KOTA KINABALU: The revisiting of the anti-hopping law for Sabah is something that needs to be seriously looked into, especially in this unstable political scenario in the state and country, says DAP’s Phoong Jin Zhe.

The state DAP’s Youth wing (Dapsy) chief said he supports the call for this anti-hopping law as party hopping among elected assemblymen has become a norm in Sabah.

“It is an open secret that Malaysian politics and more notoriously, Sabah politics has always been plagued by the culture of horse-trading for personal gratification or political mileage, ” he said in a statement here on Saturday (July 25).

This comes after Chief Minister Datuk Seri Mohd Shafie Apdal said they may relook at the anti-hopping law for Sabah.

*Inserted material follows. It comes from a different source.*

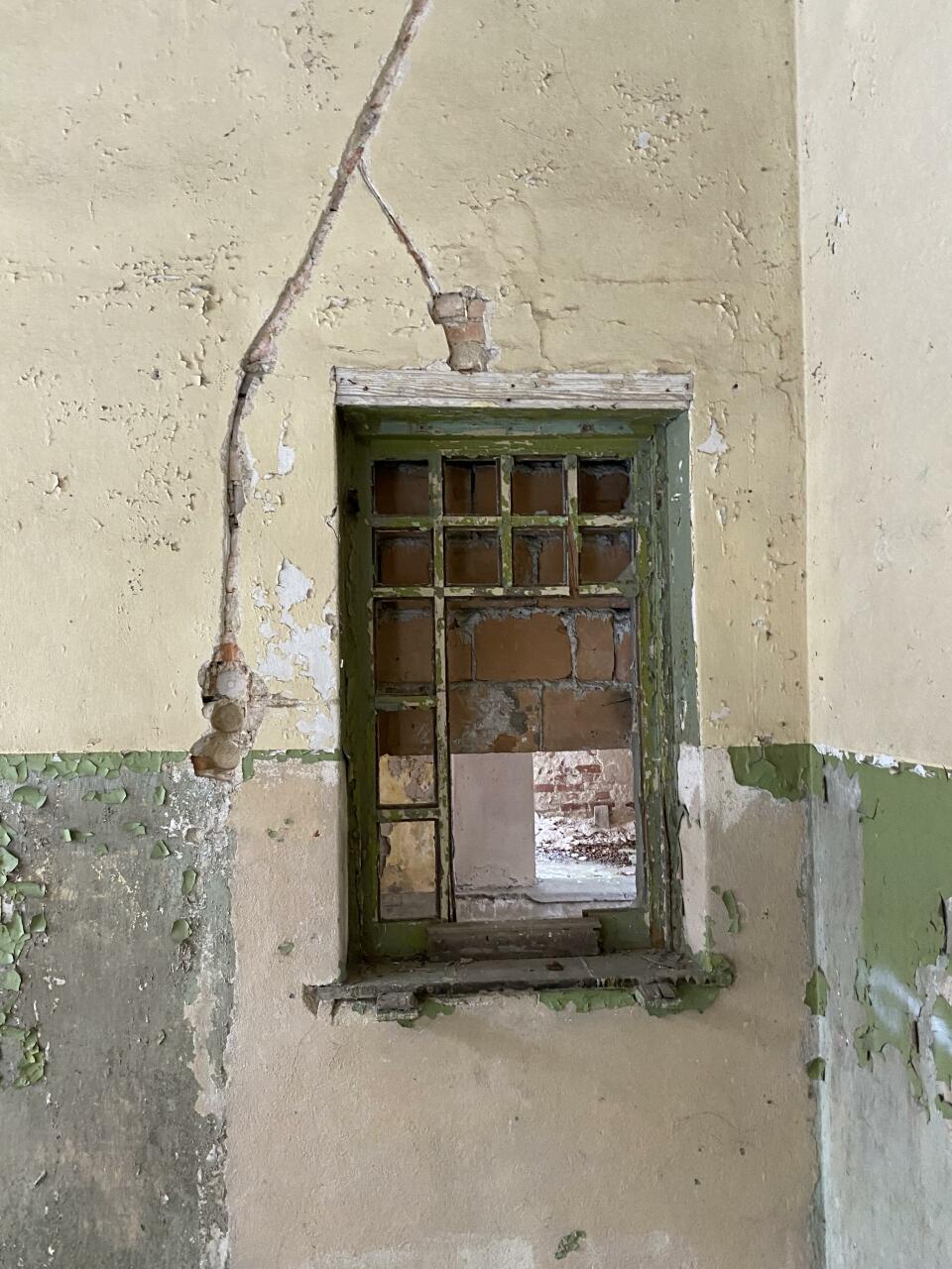 Rudnica. Pomieszczenie nastawni, mieszczące się w przybudówce do budynku dworca. Bez okien. Bez zegara. Co ciekawe, od 2008 dewastacja stacji tylko nieznacznie się pogorszyła. Tzn. w 2008 od razu mocno rozkradziono elementy konstrukcyjne i wyposażenie.

Phoong said this can be seen even more so recently where allegations have surfaced of "political agents" showing up at the doors of state assemblymen, offering positions and money for them to support the Opposition bloc.

He said there was nothing novel with such a law as other state governments, namely Penang which has already enacted such a law under Article 14(A)(1) of the Constitution of the State of Penang (Amendment) Enactment 2012.

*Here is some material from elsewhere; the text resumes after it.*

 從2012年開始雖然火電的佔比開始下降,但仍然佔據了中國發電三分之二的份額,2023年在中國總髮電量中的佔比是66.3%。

He said Selangor had also during its state assembly recently tabled a motion for the same provision to be made into law at the Federal level.

Article 10 of the Federal Constitution - freedom to associate, I would like to offer my five cents, ” Phoong said.

He said the freedoms guaranteed under Article 10 namely, (1)(a) freedom of speech and expression, (1)(b) right to assembly peaceably and without arms, and (1)(c) right to form associations, are not absolute rights in that their limitations.

He said specifically on the constitutionality of anti-hopping law, the point of contention being that such a law would infringe Article 10(1)(c), he feels that when a member of the public sets himself up as a representative of the people, his mandate must be limited to that which he has promised to carry out, either by his promises or the party manifesto he contested under.

“In other words, an elected assemblyman or MP must represent the people under the party which he or she had contested in the election, ” Phoong said.

He said if the representative wishes to switch alliance or parties, he should vacate his seat and return the mandate to the people for them to decide if he is worthy to represent them again under a different party.

He said Article 10(2) stated clearly that Parliament may, by law, impose such restrictions as it deems necessary or expedient in the interest of the security of the federation or any part thereof, public order or morality.

“In light of allegations of harassment and door-to-door threats on several Sabah assemblymen recently, I submit that an anti-hopping law is justified on the account of public order and morality, and is therefore constitutional, ” Phoong said.

An earlier anti-hopping law in Sabah was declared unconstitutional by the Supreme Court in 1992.